The Future of Software: Systems of Record + Context Graphs
- Adam Ginsburg
- 2 days ago
- 3 min read

How AI becomes operational when it can work inside your real business systems
The Big Idea
A lot of "AI future" talk is converging on the same point: AI becomes genuinely powerful only when it can work inside your Systems of Record (SoR)—the apps where real business data and work live (CRM, support, billing, docs, messaging, etc.).
Some people call the connective layer between these systems and AI "context graphs." The label is new-ish, but the problem isn’t: critical context is currently fragmented across disparate tools, documents, and people’s heads. Thanks to the folk at FoundationCapital for your inspiration here.
Why Context is the Bottleneck
Even strong teams struggle with the "context gap." Valuable information is trapped in:
Tribal knowledge: The "why we did that" rationale that lives only in humans.
Imperfect memory: Lost details of past decisions.
Siloed systems: A complete picture requires synthesizing data from CRM, Support, Email, Slack, and Analytics.
Uncaptured work: Tasks that are too slow or awkward to log manually.
The next leap in software isn’t "AI that writes faster." It’s AI that understands your real-world state and helps you act on it.
The Shift: From AI Suggestions to AI Actions
Until recently, AI could give advice but couldn’t do the work. It lacked access to your System of Record and couldn’t safely operate with your permissions.
Now, with MCP-style connectivity (Model Context Protocol) and AI app integrations, we’re entering a world where Human + AI + SoR enables operational superpowers. We are moving from a "read-only" relationship with AI to one where it can turn data into actions in minutes.
A Simple Example: The "Vibe Coded" CRM
To make this tangible, let's look at a CRM. It is the classic System of Record for most companies.
In the demo (see below), I "vibe coded" a fully functional CRM—web and mobile—from a single prompt. It included a dashboard, Kanban deal stages, customers, notes, tasks, and a backend database. While the build speed was impressive, the real breakthrough was making the CRM available to AI as a set of tools.
Tools: How AI Interacts with Your System of Record
Once your SoR exposes capabilities as tools, an AI can move beyond chat. It can pull specific deal notes, create follow-up tasks, update owners/deadlines, or batch-create entries.
There are two practical categories of tools:
Invisible Tools (No UI): AI reads/writes in the SoR behind the scenes (e.g., calling an API to update a status).
Tools with Widgets: Small embedded UI panels for review/approval, quick edits, or transparency.
The Modern Stack:

Security: Acting "As the User"
In real organizations, the only viable model is OAuth-based authentication where the AI acts as the logged-in user. Permissions and roles must be enforced by the System of Record, not the AI. This ensures that if a user can't delete a deal in the dashboard, their AI agent can't do it either.
Context Actions: The Superpower
Here’s a realistic workflow: You’re in ChatGPT before a customer meeting. You ask it to pull the full deal context, compare it to similar past deals, and suggest a closing strategy.
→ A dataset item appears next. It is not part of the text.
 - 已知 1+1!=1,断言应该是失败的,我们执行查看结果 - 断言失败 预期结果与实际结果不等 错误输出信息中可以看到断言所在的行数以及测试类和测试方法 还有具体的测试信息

If the AI has access to your Context Graph and SoR, it can:
Read the deal notes and history.
Query the database for similar outcomes.
Draft next-step tasks and meeting prep.
Update the CRM automatically so no action is lost.
From Question to Outcome:

What This Means for Builders
If you build software, your roadmap needs to change. It’s no longer just about "what screens do we ship next?" You must ask:
What capabilities do we expose as tools?
How do we structure a "Context Graph"? (Tip: Treat the graph as a derived cache, not the source of record. Keep writes append-only to preserve history).
Which actions should be invisible vs. widgeted?
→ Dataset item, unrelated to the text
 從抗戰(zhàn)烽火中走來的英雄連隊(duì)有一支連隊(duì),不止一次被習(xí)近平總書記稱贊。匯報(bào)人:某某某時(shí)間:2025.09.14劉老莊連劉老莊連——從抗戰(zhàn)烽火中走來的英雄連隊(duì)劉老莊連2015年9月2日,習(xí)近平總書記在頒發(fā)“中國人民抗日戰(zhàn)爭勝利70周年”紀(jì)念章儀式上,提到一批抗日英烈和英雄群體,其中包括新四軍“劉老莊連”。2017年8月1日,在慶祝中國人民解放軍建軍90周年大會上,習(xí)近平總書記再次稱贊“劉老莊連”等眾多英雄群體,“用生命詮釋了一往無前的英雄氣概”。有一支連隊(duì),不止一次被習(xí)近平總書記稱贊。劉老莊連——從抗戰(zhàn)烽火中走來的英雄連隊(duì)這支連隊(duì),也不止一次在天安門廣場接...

How do we design workflows where AI safely handles the boring steps?
The Takeaway: Start Small, Learn Fast
This space is moving quickly. The competitive advantage won’t come from guessing the perfect architecture on day one. It will come from running a small Proof of Concept (POC) that teaches you what "good tools" look like, where context is missing, and which workflows users actually trust.
You don’t need a massive digital transformation program. You need a wedge.